Кыллахов подскакал первым и увидел Сергея на краю воды - голова на галечнике, ноги в реке. Крови нет. Перевернул на спину- ссадина только на виске, видать, ударился, падая. Приложился ухом к сердцу - стучит.
Прибежал Кирька, ни вдохнуть, ни выдохнуть не может, мечется вокруг, заглядывает в бледное, с закрытыми глазами лицо Белова, а сам жужжит, как паут - таежный овод:
- Ж-ж-жи… Жу-жу-жи…
Проводник догадался, о чем спрашивает парнишка, и утвердительно кивнул: «Живой!»
Кепкой Кирька зачерпнул воды, вылил на лицо Сергею. Потом вторую, третью. Ксенофонт придержал его: «Однако, на берегу утопишь».
Тут появилась и Наташа. Решили перетащить Сергея на берег. Несли за руки, лишь слегка приподняв голову. Кирькины мышцы - что сталь. Наташину помощь он в зачет не ставил. Конечно же, главную силу, спасая друга, показал Кирька.
Кинулась Наташа оказать первую медицинскую помощь, но походная аптечка осталась в дощанике. Вскочила в седло - будто на топор села. А уж когда обратно скакала, казалось, что не кобыла скачет, а вращается под ней кривое наждачное точило. Сползла кое-как с рыжухи, идет - носок к носку ставит, пятки врозь на ширине плеч. Сунула Сергею в нос пузырек с нашатырным спиртом, а он вдыхает, но не шевелится. Натерла виски. Держит голову на коленях, гладит заросшие русыми колючками впалые щеки. Какой он беспомощный сейчас…
Белов шевельнулся, открыл удивленные глаза:
- Зоя, ты?
Он долго вглядывался в лицо девушки и, наконец, узнав, уронил голову, закрыл глаза и разочарованно пробормотал:
- А! Ты, Наташа…
В черных Наташиных глазах засветились серебряные огоньки.
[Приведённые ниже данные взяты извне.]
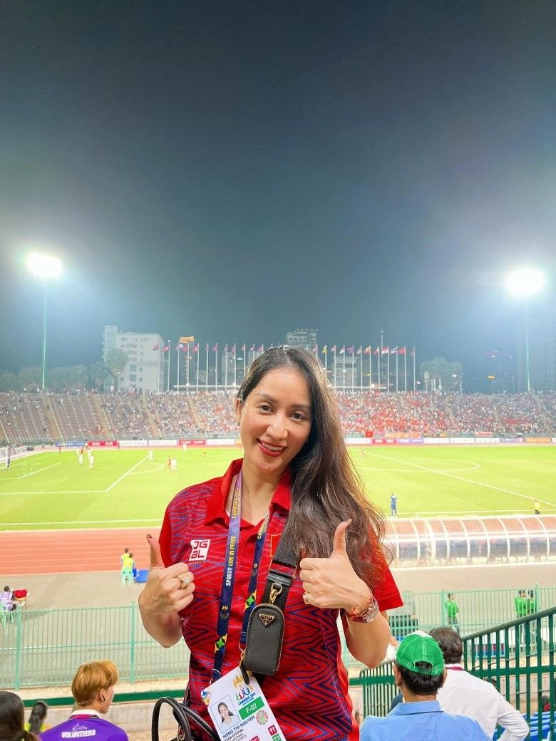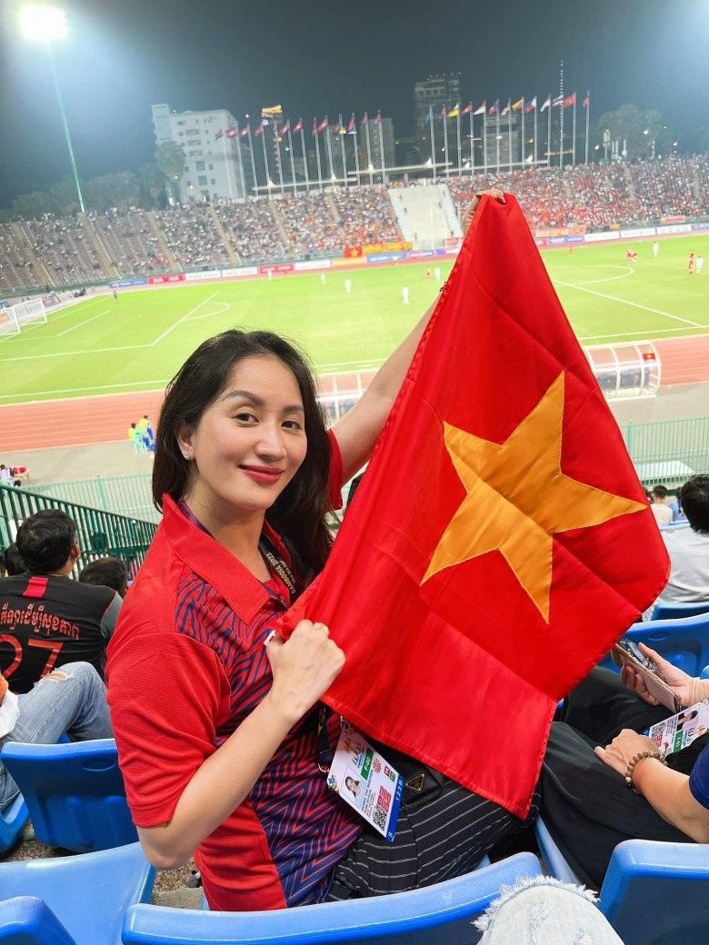 Bà bầu Khánh Thi "máu lửa", một mình ra sân xem trực tiếp trận Chung kết tại Campuchia.
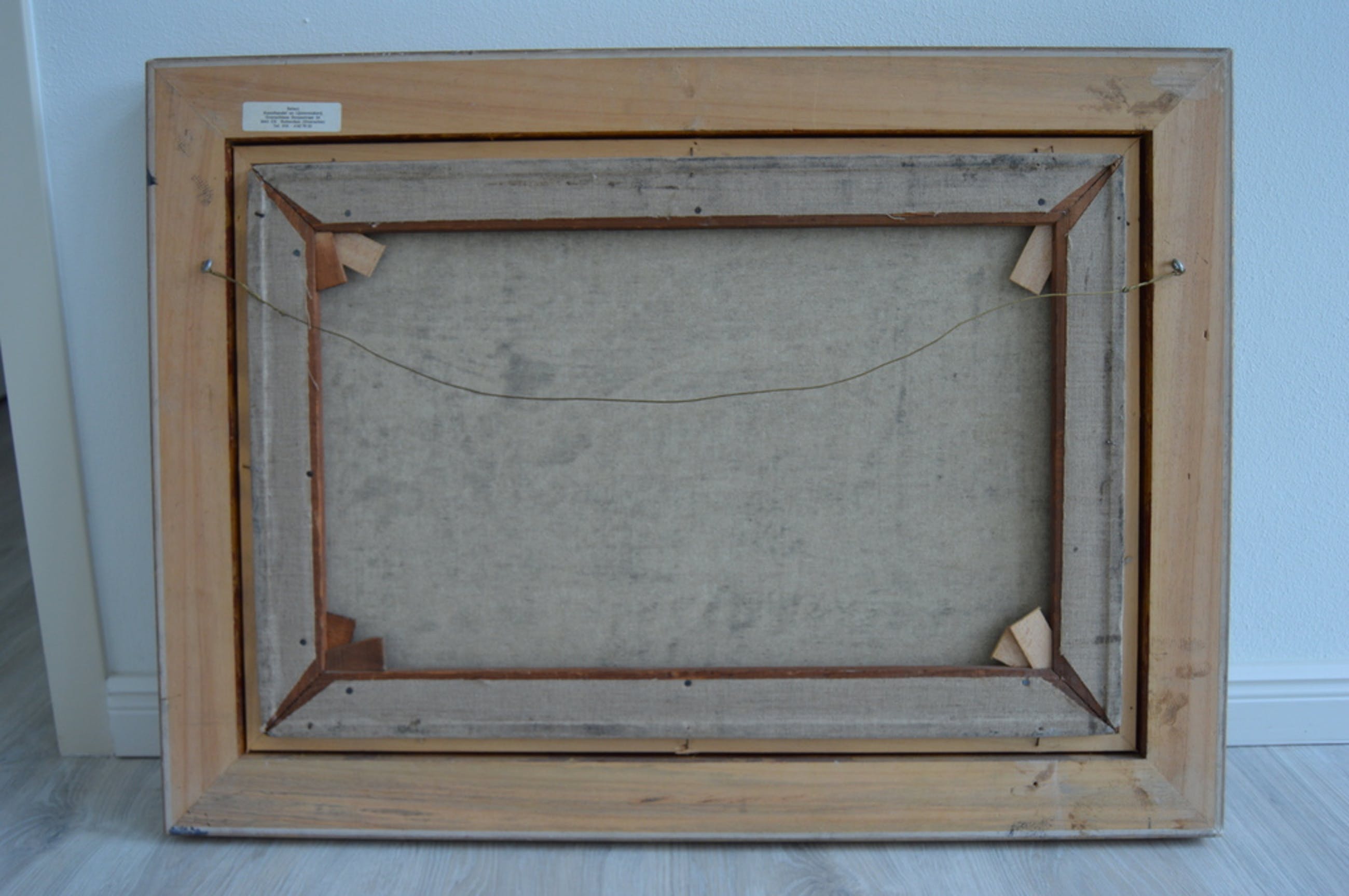 Doek vertoont craquelé (zie foto's). Onlangs professioneel schoongemaakt. De oude lijst is aan de linkerkant beschadigd.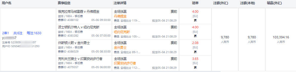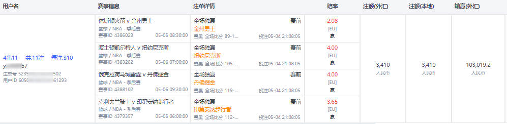1.熊猫体育平台NBA季后赛的相关赛事:首次单笔投注;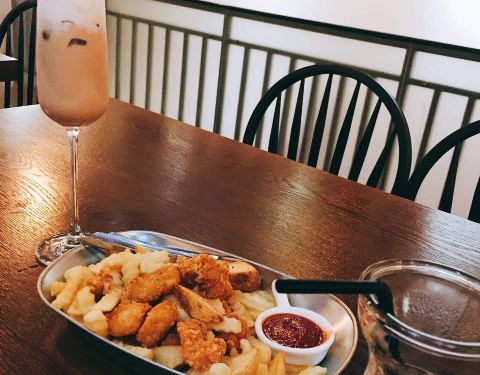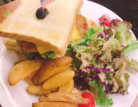 餐品不错 份量足点了两个餐[美式鸡扒堡]蔬菜沙律的蔬菜种类还算不错菜也挺新鲜的薯角香脆鸡扒堡里面分别是一层蔬菜一层鸡扒一层芝士片面包上的酱和鸡扒堡十分的搭配而且份量足 吃了超级饱[德国香肠餐]这份餐就稍微更简单一些香肠的味道比较特别相信大家探咖啡馆也有时会吃到不过这边的德国肠更大份一些有些咖啡馆一般配的是小份的肠不过乘以2这个味道更好一些我个人更喜欢这个味道摆盘虽然简单不过摆拍也很好看这间咖啡馆的简餐做得算是挺不错的了主要是价格来说真的很划算份量也很足下次会再来!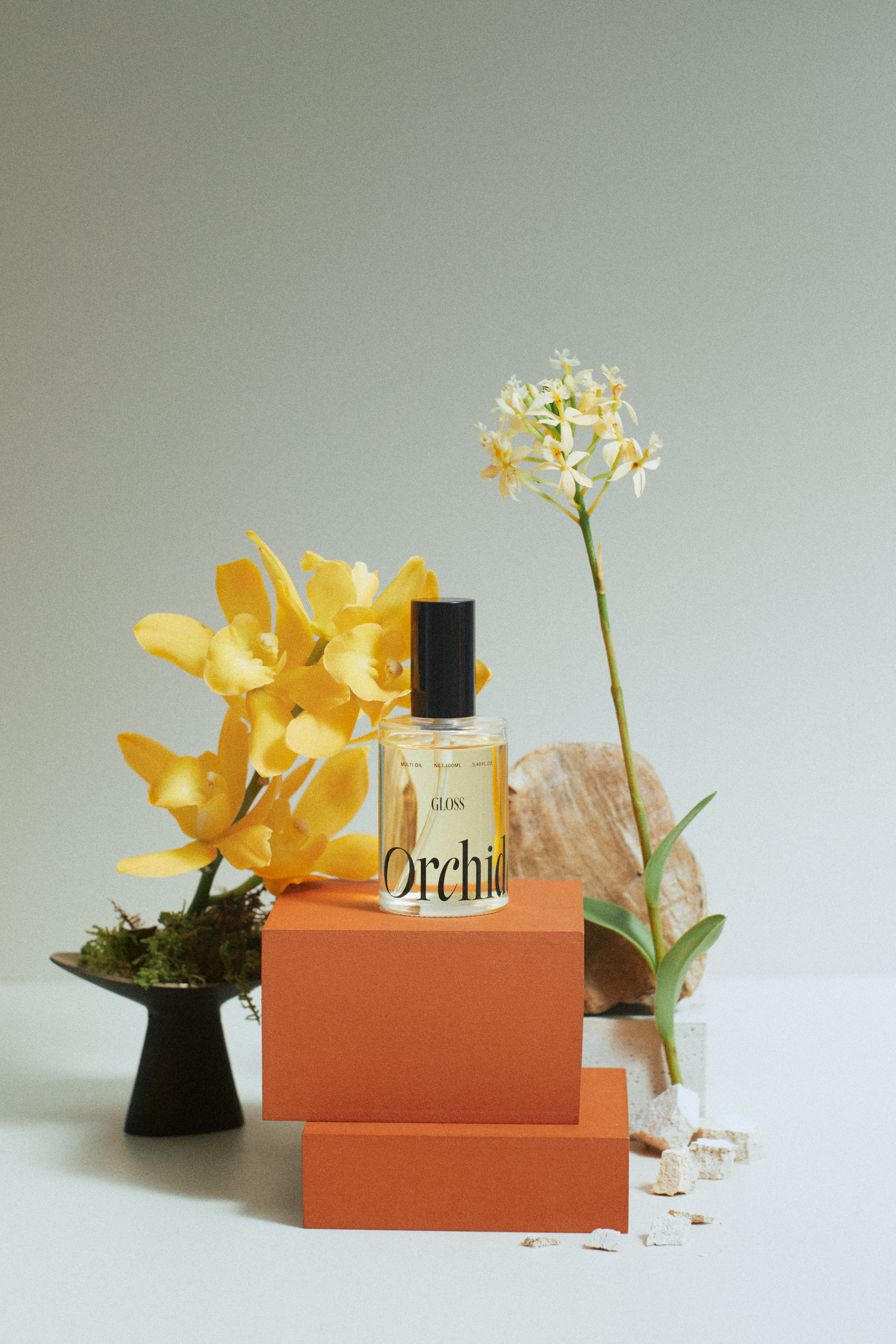 インテリアを邪魔しないスタイリッシュなガラスボトル。それぞれ異なる蘭の花をあしらった華やかなパッケージは、ギフト需要にも対応。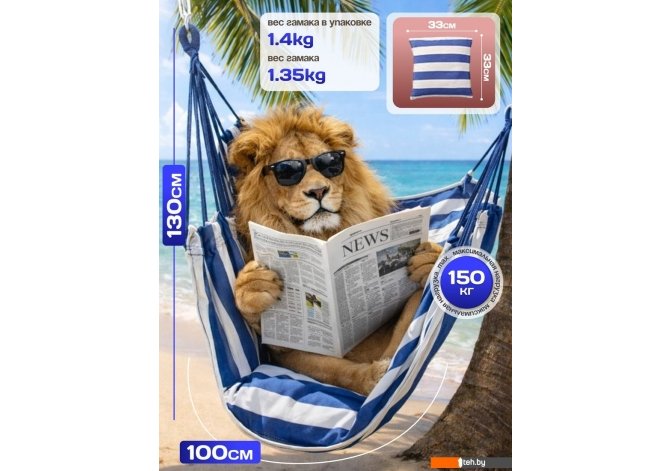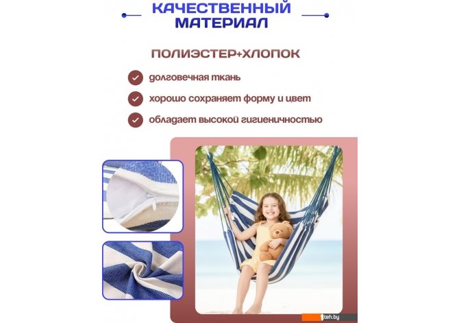 | Информация | -Ключевые характеристики Одноместный гамак-качели выполнен из прочного тканого текстиля (холста) с геометрическим рисунком в синих полосках и белом цвете. Максимальная нагрузка составляет 120 кг, что позволяет комфортно использовать его взрослым и подросткам. Размеры изделия 120 на 100 см обеспечивают удобное размещение и расслабление. -Преимущества и отличия Изделие отличается простотой конструкции без регулировок, что гарантирует надежность и долговечность. В комплект входит подушка для дополнительного комфорта, а тканое полотно обеспечивает хорошую вентиляцию и приятные тактильные ощущения. Форма поставки в разобранном виде облегчает транспортировку и хранение. -Практичность Гамак-качели легко монтируется и подходит для использования как в помещении, так и на улице. Отсутствие сложных механизмов снижает риск поломок и упрощает уход за изделием. Тканевое полотно легко чистится и быстро сохнет, что важно для уличного применения. -Уникальность Модель выделяется сочетанием классического дизайна с современным геометрическим узором и качественным текстильным материалом. В комплекте предусмотрена подушка, повышающая уровень комфорта, что делает использование гамака особенно приятным и расслабляющим. Читать дальше |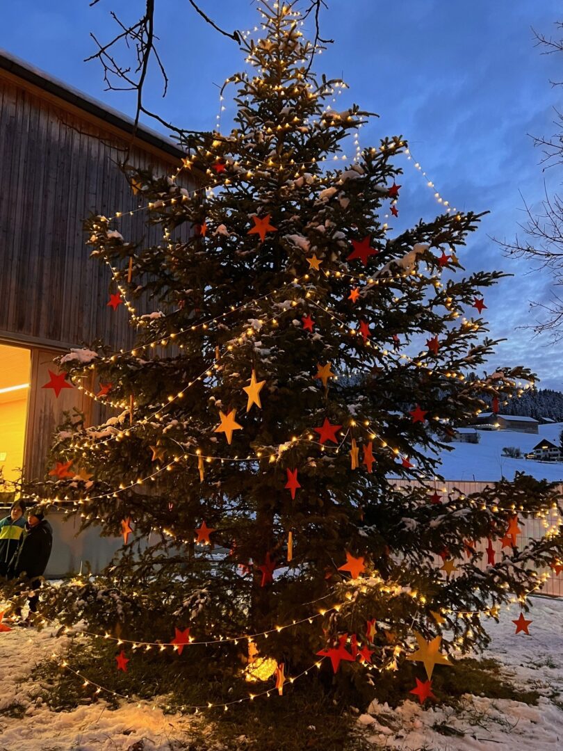 Ein besonderer Moment war die feierliche Illumination des Weihnachtsbaumes, den die Kinder zuvor mit selbstgebastelten Holzsternen geschmückt hatten. Ein Ensemble des Musikvereins Krumbach untermalte die Atmosphäre mit stimmungsvollen weihnachtlichen Melodien und machte den Adventmarkt zu einem unvergesslichen Erlebnis.

Хорошо, что в это же время упали первые капли дождя да и вообще никого не было рядом: Ксенофонт и Кирька поехали на лошадях за дощаником. Не отдавая себе отчета в том, что делает, Наташа подняла руку Сергея, как это делала Зоя, и вытерла ею слезы со своих щек. Пусть хоть капельку почувствует, какая она несчастная. Даже покинутый и обманутый, он никого не замечает, все ждёт эгоистку Зою…
Наконец лошади притащили дощаник, с трудом перехваченный Шатровым «а пенистом перекате. Прямо над головой Наташи воздвигли палатку, уложили Сергея в постель.
Ночью вспыхнули зеленые молнии, гром разорвал в клочья черный небесный сатин. Наташа сидела у изголовья, поила больного густым чаем. Несколько раз заглядывал Кирька: «Ч-чего ему еще п-подать? Может, сводить, т-то-это, до ветру?»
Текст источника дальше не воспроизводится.